Introduction

It is important to manage blood glucose levels in patients with diabetes to suppress the progression of diabetes mellitus (DM) and prevent complications [1]. Recent studies conducted by the Diabetes Prevention Program [2] and Japan Diabetes Prevention Program [3] have demonstrated that interventions for patients with impaired glucose tolerance (IGT) are effective in suppressing DM progression; therefore, detection of glucose intolerance at an early stage is essential. However, neither fasting plasma glucose (FPG) nor HbA1c levels, which are used as indices for DM and glucose intolerance screening, have sufficient sensitivity for detection during the early stage of glucose intolerance because of a large overlap of these indices in normal glucose tolerance (NGT) and IGT [4].

The oral glucose tolerance test (OGTT) is highly sensitive and specific for detecting glucose intolerance because it can demonstrate postchallenge glucose excursion.

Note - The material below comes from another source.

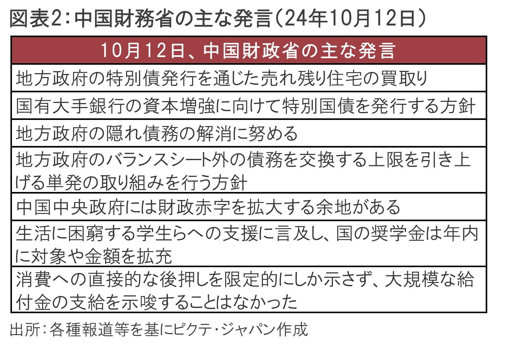 中国株式市場は4~5月にかけ、不動産市場対策への期待から上昇しましたが、発表後は失望感から株価が軟調になりました。しかし9月の経済対策は株式市場への流動性供給など想定以上の対策が盛り込まれ、株式市場は先月末急上昇しました。ただし、①~③の経済対策には財政政策が示されませんでした。そうした中、10月12日に藍仏安財政相は財政政策について発言しました(図表2参照)。主な内容は、地方債務リスクを軽減し、国有銀の資本不足を補い、不動産セクターを下支えする、などであり、お題目としては市場の期待に概ね沿うものとみられます。ただし、規模が不明な点など、市場が満足する内容とは言い難く、15日の中国株式市場は、軟調で経済対策後の株高維持に疑問も残りました。

However, the 2-h plasma glucose (PG) levels, a criterion for glucose intolerance on the OGTT, may not provide complete information regarding the processing of PG after glucose loading. Whole glucose excursion, rather than PG levels at a point, is considered to provide more information about glucose tolerance. For instance, glycemic variability, which is proposed to be harmful for blood vessels and affect the development of complications, could be reflected by whole glucose excursion. The glucose area under the curve (AUC), which is an index of whole glucose excursion after glucose loading, has been widely used for calculating the glycemic index [5] and for evaluating the efficacy of medications for postprandial hyperglycemia [6]. However, few studies have evaluated the application of the glucose AUC to glucose tolerance testing and examined the appropriate cutoff value for diagnosis [7]. Therefore, in the present study, our aim was to evaluate the possible usefulness of glucose AUC measurements in identifying cases of early stage diabetes. We analyzed the cutoff value and screening concordance rates using glucose AUC values calculated from our OGTT data.

Materials and methods

Anonymous OGTT data (N = 520) were obtained from the Kyoto Industrial Health Association (Kyoto, Japan) and IHI Harima Hospital (Aioi, Japan) and analyzed. Plasma was used for measurement of blood glucose levels, while whole blood was used for that of HbA1c. The measurements were carried out in each institute using standard laboratory methods.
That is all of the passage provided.